La section Sélection du programme du formulaire BLAST sélectionne l’algorithme utilisé pour la recherche et l’alignement. Pour les recherches de nucléotides, les choix sont megablast (par défaut), discontiguous megablast et blastn. Pour les recherches de protéines, les options sont blastp (par défaut), PSI-BLAST et PHI-BLAST. Le lien d’aide de cette section mène au guide de sélection du programme BLAST, qui décrit les algorithmes et les critères de choix entre eux.
À ce stade du formulaire, la plupart des utilisateurs appuieront simplement sur le bouton BLAST pour lancer une nouvelle recherche.
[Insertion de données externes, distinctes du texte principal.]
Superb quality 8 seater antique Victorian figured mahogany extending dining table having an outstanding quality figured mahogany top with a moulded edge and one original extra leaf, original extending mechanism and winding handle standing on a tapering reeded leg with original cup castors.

Auparavant, BLAST ouvrait les résultats dans une nouvelle fenêtre par défaut, ce que de nombreux utilisateurs trouvaient ennuyeux et désorientant. Le nouveau comportement par défaut est que les résultats apparaissent dans la même fenêtre que le formulaire (remplaçant ainsi le formulaire). L’utilisateur peut demander les résultats dans une nouvelle fenêtre en cochant la case à côté du bouton BLAST.
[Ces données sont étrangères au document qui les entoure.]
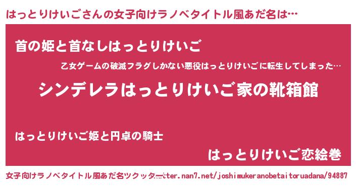 | 胡散臭い通販商品みたいなあだ名 | 『100人中100人が認めた隕石のかけら…その名も「はっとりけいご」』 |
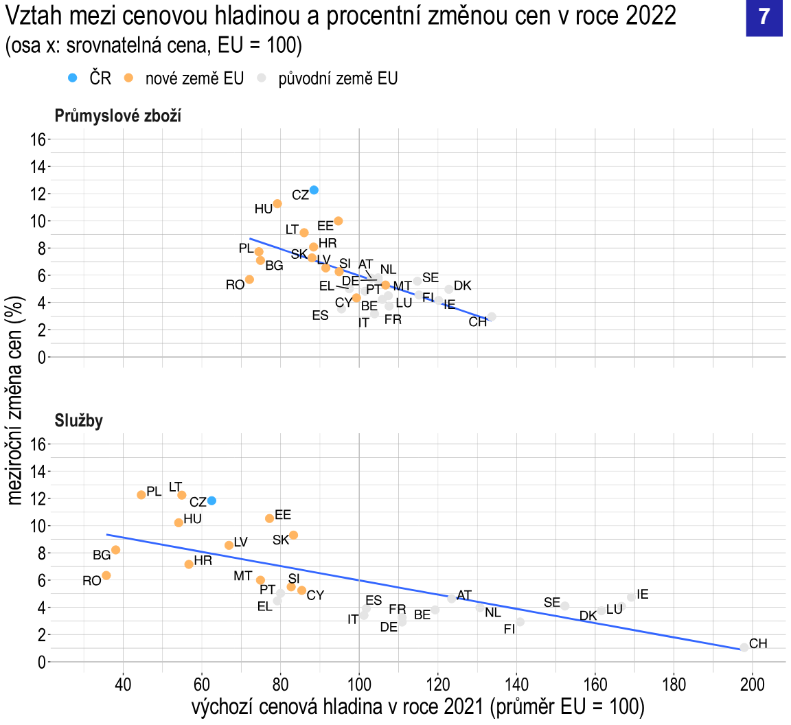Závislost mezi relativní velikostí spotřebního koše EU v roce 2021 a inflací v roce 2022 Zdroj: ČNB.
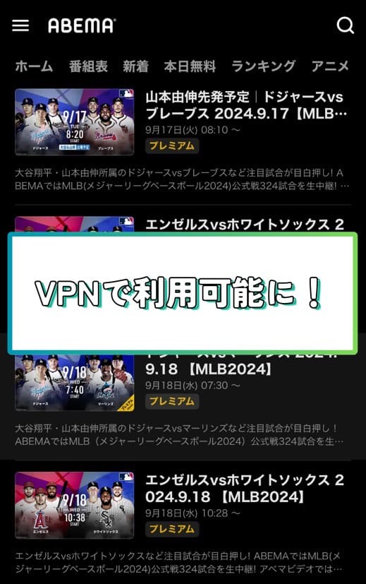 そのため、MLB(メジャーリーグ)が海外から視聴できません。

Les paramètres détaillés pour régler le programme choisi restent sur le formulaire, mais ils sont maintenant regroupés sous un lien intitulé Algorithm Parameters, car seule une infime partie des utilisateurs les utilise jamais. En cliquant sur le lien, on fait apparaître les contrôles des paramètres. Bien entendu, une fois le lien cliqué, les paramètres restent visibles pour le reste de la session du navigateur. Ces paramètres changent en fonction de l’algorithme sélectionné.
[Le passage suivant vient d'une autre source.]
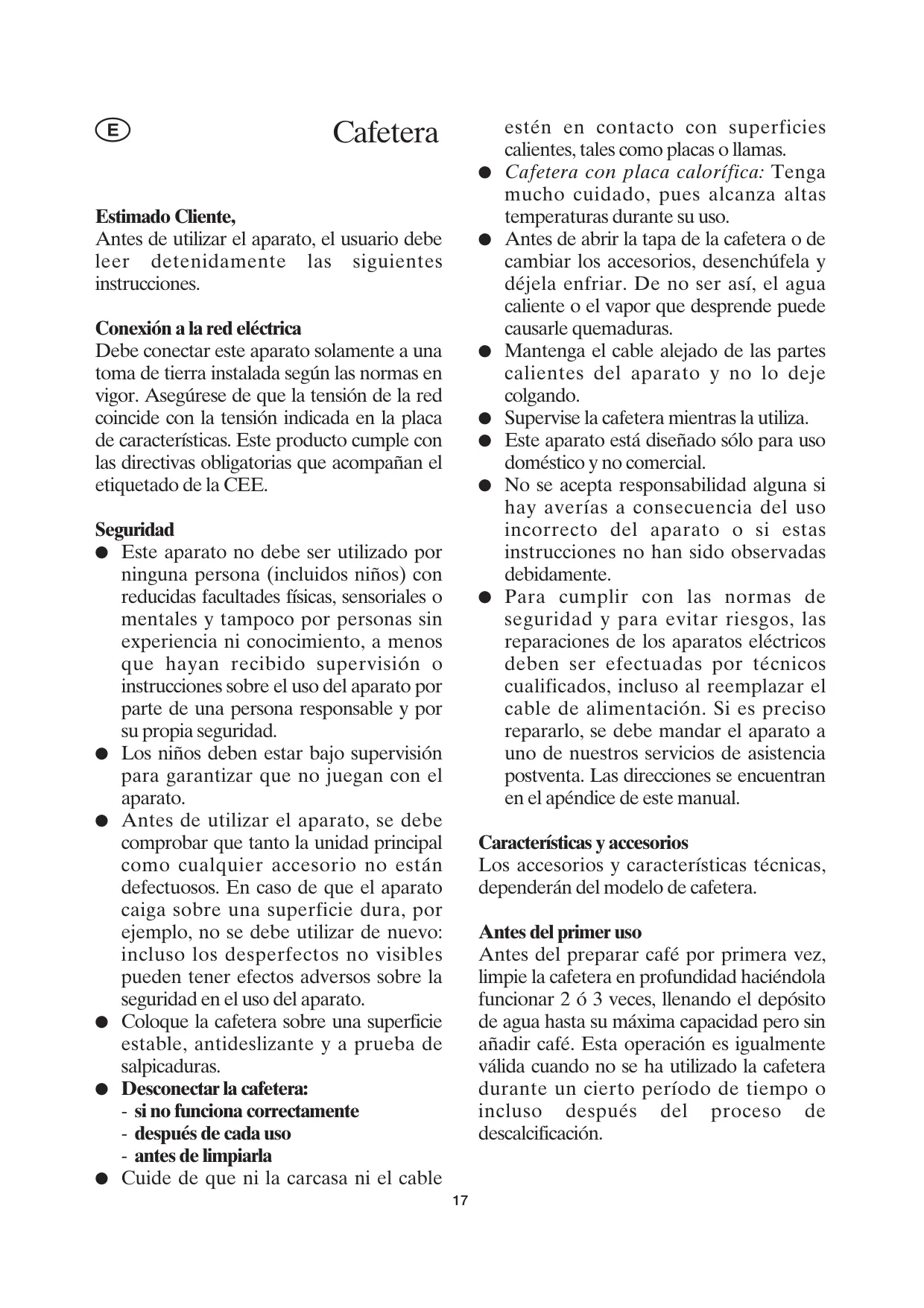 E Cafetera Estimado Cliente,
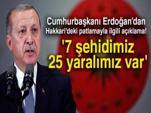 Fransa ziyareti öncesi basın mensuplarına açıklamalarda bulunan Cumhurbaşkanı Recep Tayyip Erdoğan, "Hakkari'de bir mühimmat depomuzun patlaması sonucu 7 şehidimiz var, bunun dışında 25 yaralımız var. Mühimmatın miadının dolması gibi bir durumun olmadığını Savunma Bakanımız bana iletti" dedi.
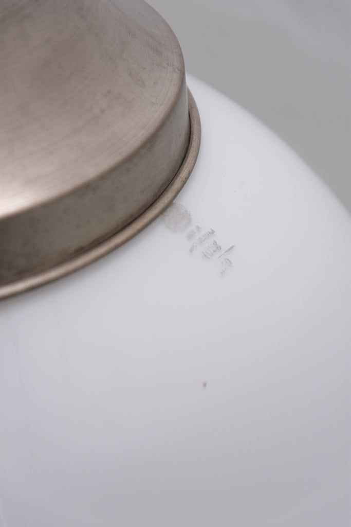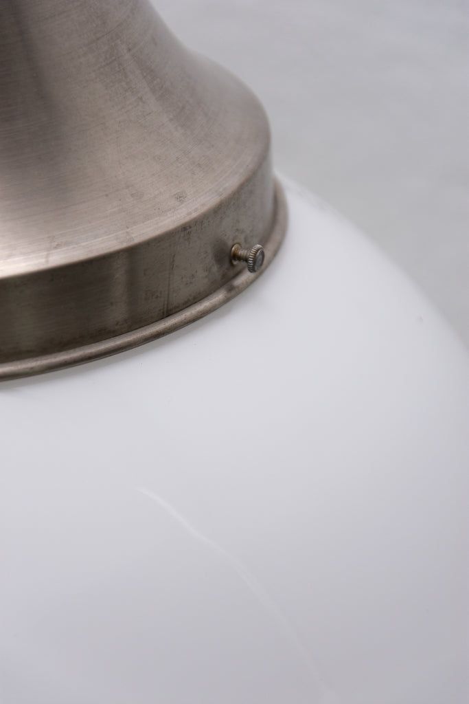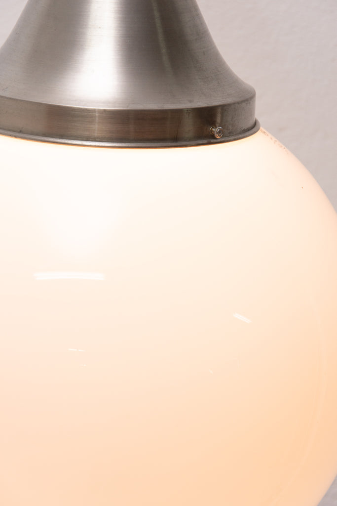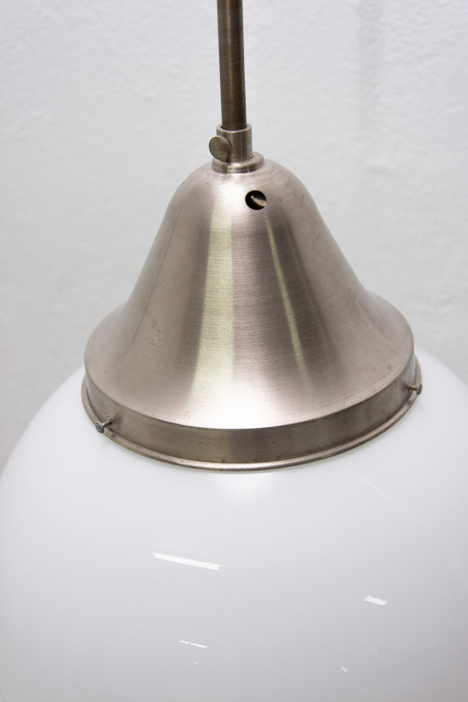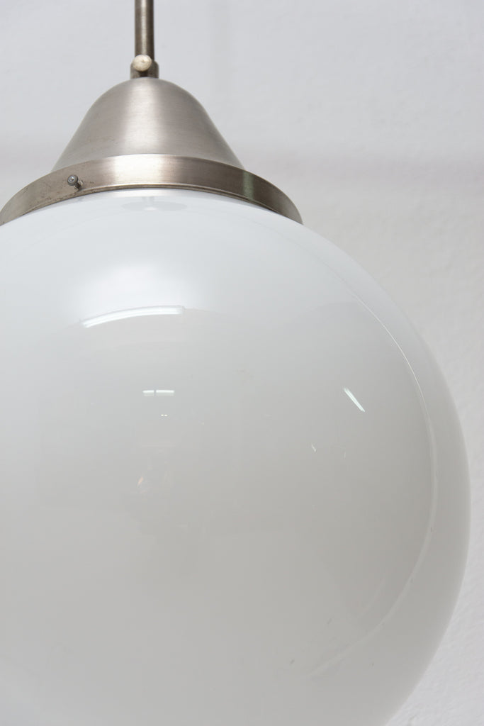 Bauhaus pendant lamp, made in the former Czechoslovakia in the 1930´s. Round opaque glass with a chrome-plated rod. In very good condition. New wiring.
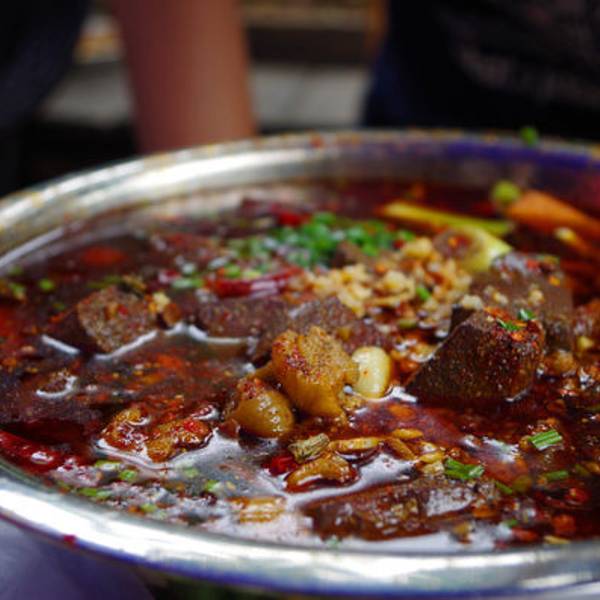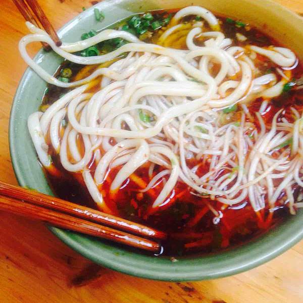 再往前走就是吃饭的地方,中午的时候生意异常火爆。这里吃饭的价格和外面餐馆价格差别不大,菜也是比较正宗的川菜,推荐肥肠血旺和回锅肉。如果比较喜欢吃小吃,不如就选择尝尝这边的一根面,古镇特色,一碗面就是一根面。

Sur le formulaire nucléotide, les algorithmes disponibles sont megablast, discontiguous megablast et blastn. Le choix de megablast sélectionne une grande taille de mot (actuellement 28) et optimise la récompense et la pénalité (1 et -2) pour des alignements d’environ 95% d’identité (3). Discontigué megablast et blastn ont des paramètres plus adaptés aux comparaisons inter-espèces, avec une taille de mot plus petite (11) et une récompense et une pénalité (2, -3) qui optimisent pour des alignements d’environ 85% d’identité (3).
Sur le formulaire des protéines, les choix disponibles sont blastp, PSI-BLAST et PHI-BLAST. Choisir PSI-BLAST au lieu de blastp affiche plus de séquences cibles, et permet à l’utilisateur de sélectionner des séquences pour construire le PSSM pour la prochaine itération PSI-BLAST. Ces deux cas utilisent des « ajustements conditionnels de la matrice de score de composition » (4). PHI-BLAST ne prend pas en charge les ajustements de composition, l’option disparaît donc si PHI-BLAST est sélectionné.
Une nouvelle fonctionnalité avancée a été ajoutée : BLAST détecte désormais les séquences d’entrée courtes pour les formes de recherche nucléotides et protéines, et ajuste les paramètres pour améliorer les chances de trouver des correspondances pertinentes. Pour les séquences courtes (jusqu’à 30 résidus pour les protéines, 50 bases pour les nucléotides), BLAST diminue désormais automatiquement la taille des mots (jusqu’à sept pour les nucléotides, deux pour les protéines), augmente la valeur attendue (jusqu’à 1000) et désactive le filtrage à faible complexité. En outre, les protéines utilisent la matrice de notation PAM30 pour les séquences courtes, comme suggéré par Altschul (5). Cette fonctionnalité peut être désactivée dans la section Paramètres de l’algorithme du formulaire.